A team from the Norwegian University of Science and Technology (NTNU) offers a new explanation in a study published in the Monthly Notices of the Royal Astronomical Society. Lead author Domenik Ehlert, a PhD research fellow at NTNU's Department of Physics, along with associate professor Foteini Oikonomou and postdoctoral fellow Enrico Peretti from Université Paris Cité, focuses on astroparticle physics.

"We suspect that this high-energy radiation is created by winds from supermassive black holes," said Oikonomou.

Active supermassive black holes, unlike the dormant Sagittarius A* at the Milky Way's center, consume matter equivalent to several Suns per year. A fraction of this material forms outflows at up to half the speed of light, known for about a decade to influence galaxy formation by dispersing gas and halting star birth.

"A tiny portion of the material can be pushed away by the force of the black hole before it is pulled in. As a result, around half of these supermassive black holes create winds that move through the universe at up to half the speed of light," Peretti explained.

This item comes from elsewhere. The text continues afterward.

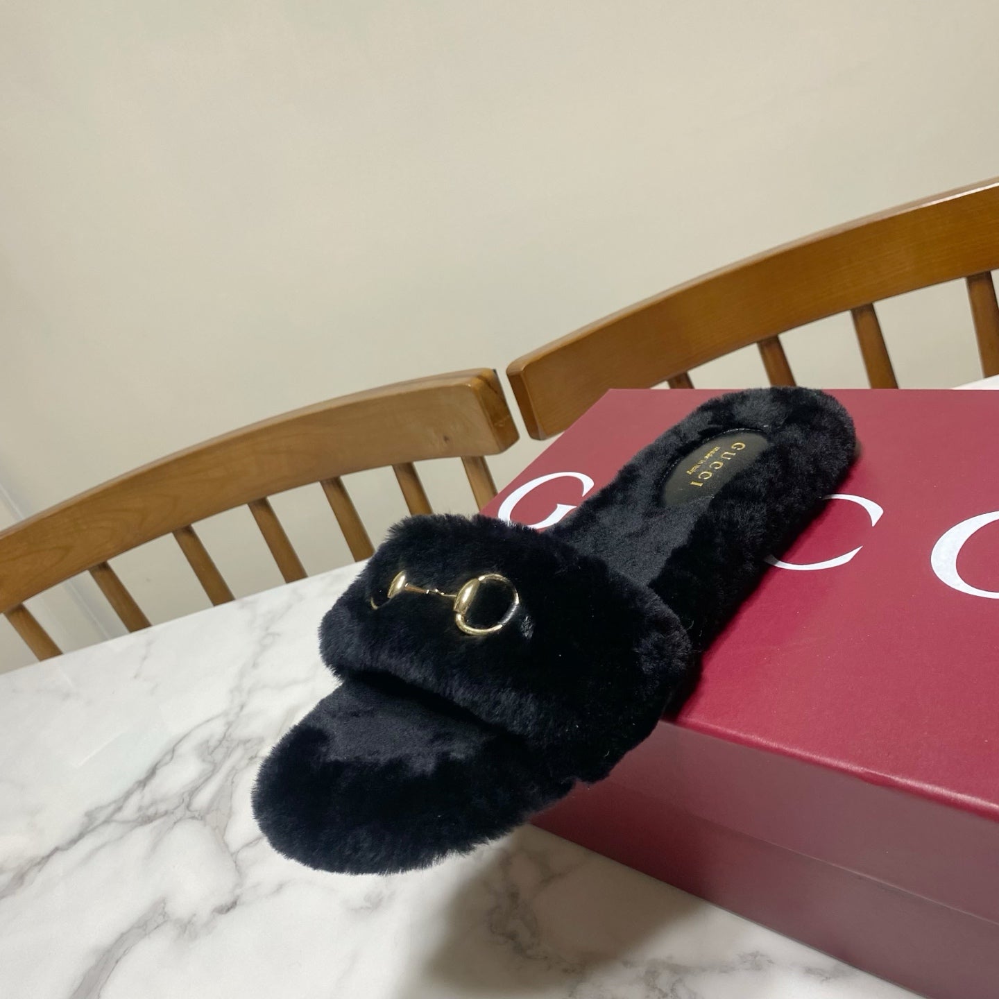 GUCCI 26S HORSEBIT MULES IN BLACK SHEARLING

The researchers propose these winds accelerate protons or atomic nuclei to 10^20 electron volts—roughly the energy of a tennis ball served by Serena Williams at 200 km/h, or a billion times that of particles in the Large Hadron Collider.

"It is possible that these powerful winds accelerate the particles that create the ultra-high-energy radiation," said Ehlert.

While previous ideas pointed to gamma-ray bursts, starburst galaxies, or plasma outflows, none provided conclusive evidence. The NTNU model aligns with the particles' chemical composition in a specific energy range and could be tested via neutrino experiments.

"Our answer is more of a cautious 'maybe'," Oikonomou noted. "We find that the conditions related to these winds align particularly well with particle acceleration. But we are still unable to prove that it is specifically these winds."

These rays pose no threat on Earth due to atmospheric destruction but highlight radiation risks for space travel, though low-energy solar radiation is the primary concern for astronauts.